▶ _EXERCISE_:
All entries need to be written out again exactly, without their pictures.

▶ _STORED DATA_:
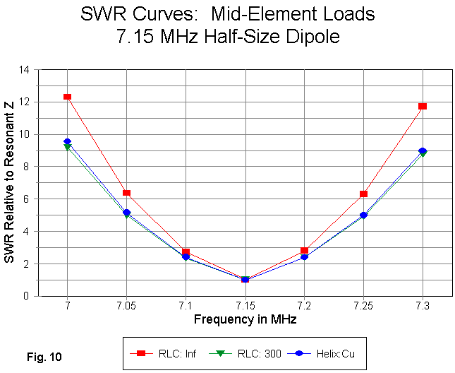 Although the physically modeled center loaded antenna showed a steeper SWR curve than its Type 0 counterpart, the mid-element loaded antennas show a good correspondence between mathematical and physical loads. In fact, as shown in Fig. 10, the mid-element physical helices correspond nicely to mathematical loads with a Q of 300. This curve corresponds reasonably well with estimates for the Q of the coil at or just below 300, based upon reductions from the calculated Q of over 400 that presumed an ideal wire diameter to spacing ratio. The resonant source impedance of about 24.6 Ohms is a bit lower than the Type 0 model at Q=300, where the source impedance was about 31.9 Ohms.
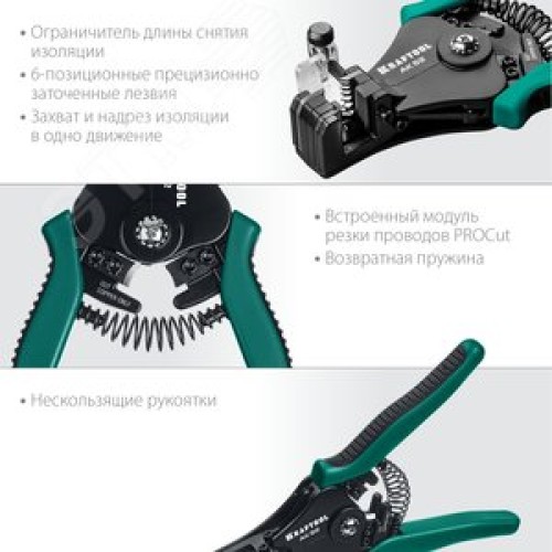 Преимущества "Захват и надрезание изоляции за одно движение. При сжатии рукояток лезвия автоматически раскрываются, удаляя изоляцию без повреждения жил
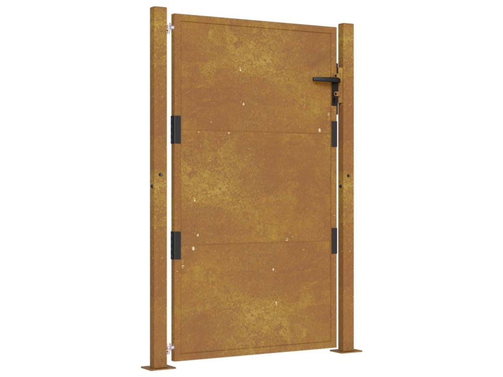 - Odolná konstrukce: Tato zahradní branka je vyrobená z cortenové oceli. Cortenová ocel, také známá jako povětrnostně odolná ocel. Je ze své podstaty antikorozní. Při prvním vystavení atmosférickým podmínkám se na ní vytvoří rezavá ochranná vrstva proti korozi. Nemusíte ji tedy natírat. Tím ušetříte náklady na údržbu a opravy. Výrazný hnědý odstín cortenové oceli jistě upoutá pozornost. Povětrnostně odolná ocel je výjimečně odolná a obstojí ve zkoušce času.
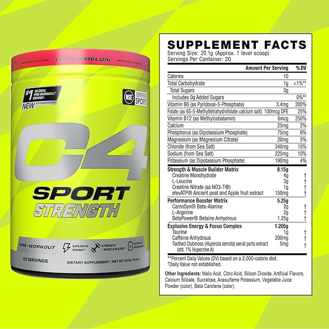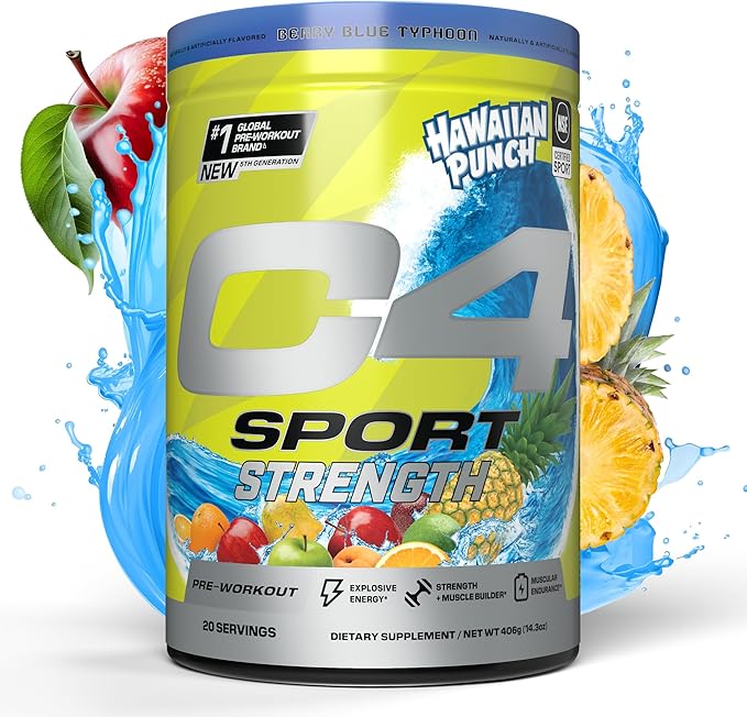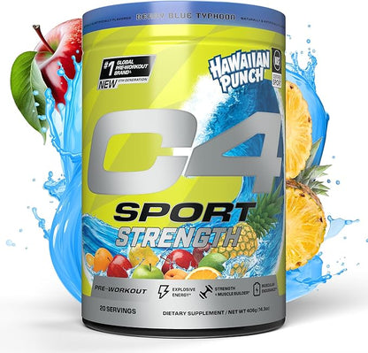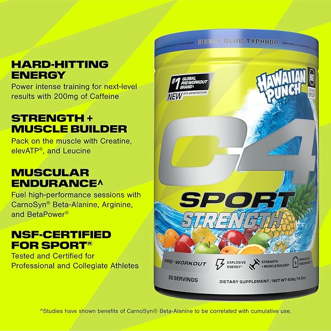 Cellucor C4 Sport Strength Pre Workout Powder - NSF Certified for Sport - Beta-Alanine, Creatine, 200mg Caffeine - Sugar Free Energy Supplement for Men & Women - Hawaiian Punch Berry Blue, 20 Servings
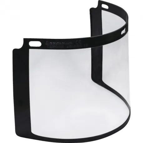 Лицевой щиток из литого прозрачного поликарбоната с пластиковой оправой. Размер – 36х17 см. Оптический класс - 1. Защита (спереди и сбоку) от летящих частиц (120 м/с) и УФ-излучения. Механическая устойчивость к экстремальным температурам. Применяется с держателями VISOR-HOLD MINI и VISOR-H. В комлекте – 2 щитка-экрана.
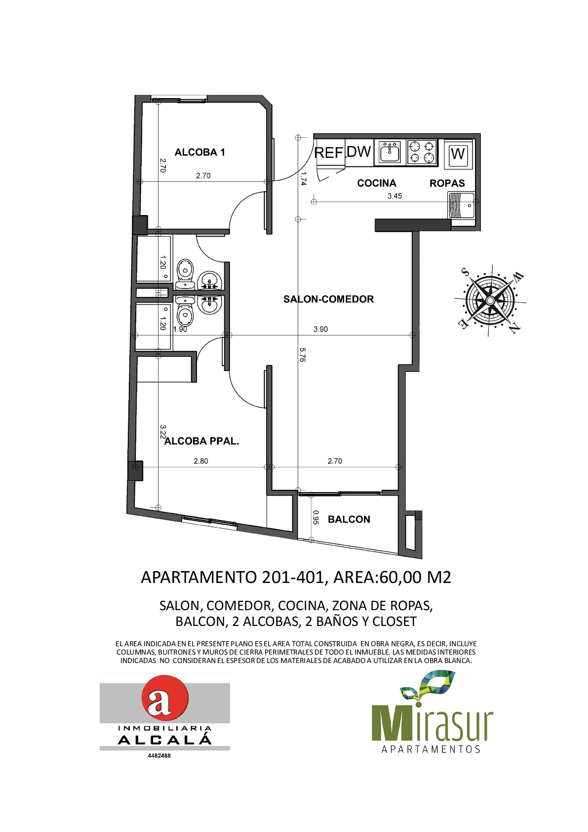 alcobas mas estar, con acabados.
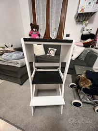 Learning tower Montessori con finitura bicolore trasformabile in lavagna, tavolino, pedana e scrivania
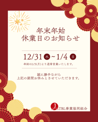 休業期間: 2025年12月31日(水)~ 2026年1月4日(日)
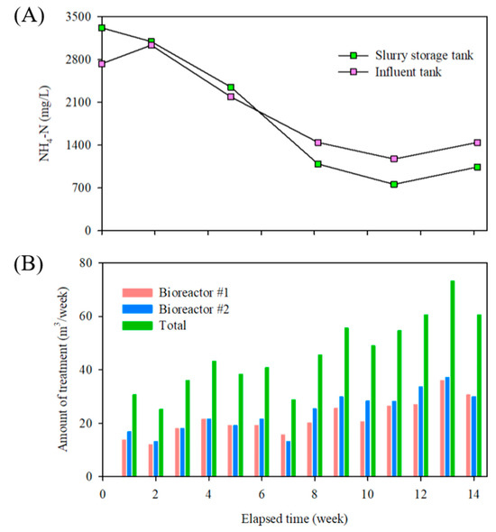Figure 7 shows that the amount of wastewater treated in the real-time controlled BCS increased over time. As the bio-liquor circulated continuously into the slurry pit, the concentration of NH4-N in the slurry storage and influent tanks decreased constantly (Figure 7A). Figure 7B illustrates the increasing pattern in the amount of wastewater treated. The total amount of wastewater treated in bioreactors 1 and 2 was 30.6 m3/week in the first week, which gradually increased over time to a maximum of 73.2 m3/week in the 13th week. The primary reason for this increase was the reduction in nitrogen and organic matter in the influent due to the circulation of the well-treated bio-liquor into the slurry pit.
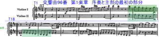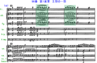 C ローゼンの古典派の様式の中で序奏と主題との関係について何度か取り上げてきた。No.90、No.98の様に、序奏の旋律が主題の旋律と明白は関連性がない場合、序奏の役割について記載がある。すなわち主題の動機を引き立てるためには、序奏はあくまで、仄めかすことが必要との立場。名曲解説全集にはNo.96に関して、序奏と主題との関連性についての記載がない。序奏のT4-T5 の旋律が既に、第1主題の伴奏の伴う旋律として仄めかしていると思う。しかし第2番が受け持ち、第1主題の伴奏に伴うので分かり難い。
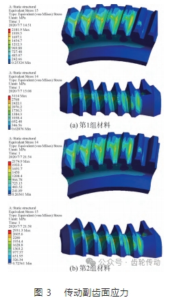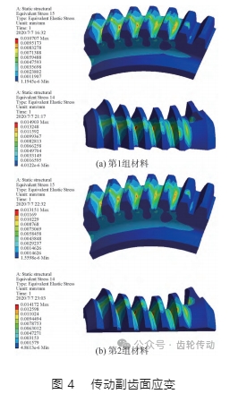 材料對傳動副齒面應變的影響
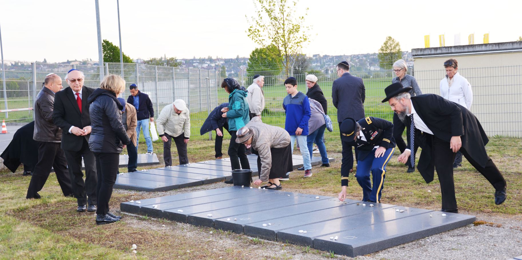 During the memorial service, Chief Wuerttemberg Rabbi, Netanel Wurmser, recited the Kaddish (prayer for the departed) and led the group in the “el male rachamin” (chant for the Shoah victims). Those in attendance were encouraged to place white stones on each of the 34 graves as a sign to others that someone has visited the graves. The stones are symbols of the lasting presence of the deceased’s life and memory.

▶ _SOLUTION FOR THIS EXERCISE_:
 Although the physically modeled center loaded antenna showed a steeper SWR curve than its Type 0 counterpart, the mid-element loaded antennas show a good correspondence between mathematical and physical loads. In fact, as shown in Fig. 10, the mid-element physical helices correspond nicely to mathematical loads with a Q of 300. This curve corresponds reasonably well with estimates for the Q of the coil at or just below 300, based upon reductions from the calculated Q of over 400 that presumed an ideal wire diameter to spacing ratio. The resonant source impedance of about 24.6 Ohms is a bit lower than the Type 0 model at Q=300, where the source impedance was about 31.9 Ohms.
 Преимущества "Захват и надрезание изоляции за одно движение. При сжатии рукояток лезвия автоматически раскрываются, удаляя изоляцию без повреждения жил
 - Odolná konstrukce: Tato zahradní branka je vyrobená z cortenové oceli. Cortenová ocel, také známá jako povětrnostně odolná ocel. Je ze své podstaty antikorozní. Při prvním vystavení atmosférickým podmínkám se na ní vytvoří rezavá ochranná vrstva proti korozi. Nemusíte ji tedy natírat. Tím ušetříte náklady na údržbu a opravy. Výrazný hnědý odstín cortenové oceli jistě upoutá pozornost. Povětrnostně odolná ocel je výjimečně odolná a obstojí ve zkoušce času.
 Cellucor C4 Sport Strength Pre Workout Powder - NSF Certified for Sport - Beta-Alanine, Creatine, 200mg Caffeine - Sugar Free Energy Supplement for Men & Women - Hawaiian Punch Berry Blue, 20 Servings
 Лицевой щиток из литого прозрачного поликарбоната с пластиковой оправой. Размер – 36х17 см. Оптический класс - 1. Защита (спереди и сбоку) от летящих частиц (120 м/с) и УФ-излучения. Механическая устойчивость к экстремальным температурам. Применяется с держателями VISOR-HOLD MINI и VISOR-H. В комлекте – 2 щитка-экрана.
 alcobas mas estar, con acabados.
 Learning tower Montessori con finitura bicolore trasformabile in lavagna, tavolino, pedana e scrivania
 休業期間: 2025年12月31日(水)~ 2026年1月4日(日)
Figure 7 shows that the amount of wastewater treated in the real-time controlled BCS increased over time. As the bio-liquor circulated continuously into the slurry pit, the concentration of NH4-N in the slurry storage and influent tanks decreased constantly (Figure 7A). Figure 7B illustrates the increasing pattern in the amount of wastewater treated. The total amount of wastewater treated in bioreactors 1 and 2 was 30.6 m3/week in the first week, which gradually increased over time to a maximum of 73.2 m3/week in the 13th week. The primary reason for this increase was the reduction in nitrogen and organic matter in the influent due to the circulation of the well-treated bio-liquor into the slurry pit.
 C ローゼンの古典派の様式の中で序奏と主題との関係について何度か取り上げてきた。No.90、No.98の様に、序奏の旋律が主題の旋律と明白は関連性がない場合、序奏の役割について記載がある。すなわち主題の動機を引き立てるためには、序奏はあくまで、仄めかすことが必要との立場。名曲解説全集にはNo.96に関して、序奏と主題との関連性についての記載がない。序奏のT4-T5 の旋律が既に、第1主題の伴奏の伴う旋律として仄めかしていると思う。しかし第2番が受け持ち、第1主題の伴奏に伴うので分かり難い。
 材料對傳動副齒面應變的影響
 During the memorial service, Chief Wuerttemberg Rabbi, Netanel Wurmser, recited the Kaddish (prayer for the departed) and led the group in the “el male rachamin” (chant for the Shoah victims). Those in attendance were encouraged to place white stones on each of the 34 graves as a sign to others that someone has visited the graves. The stones are symbols of the lasting presence of the deceased’s life and memory.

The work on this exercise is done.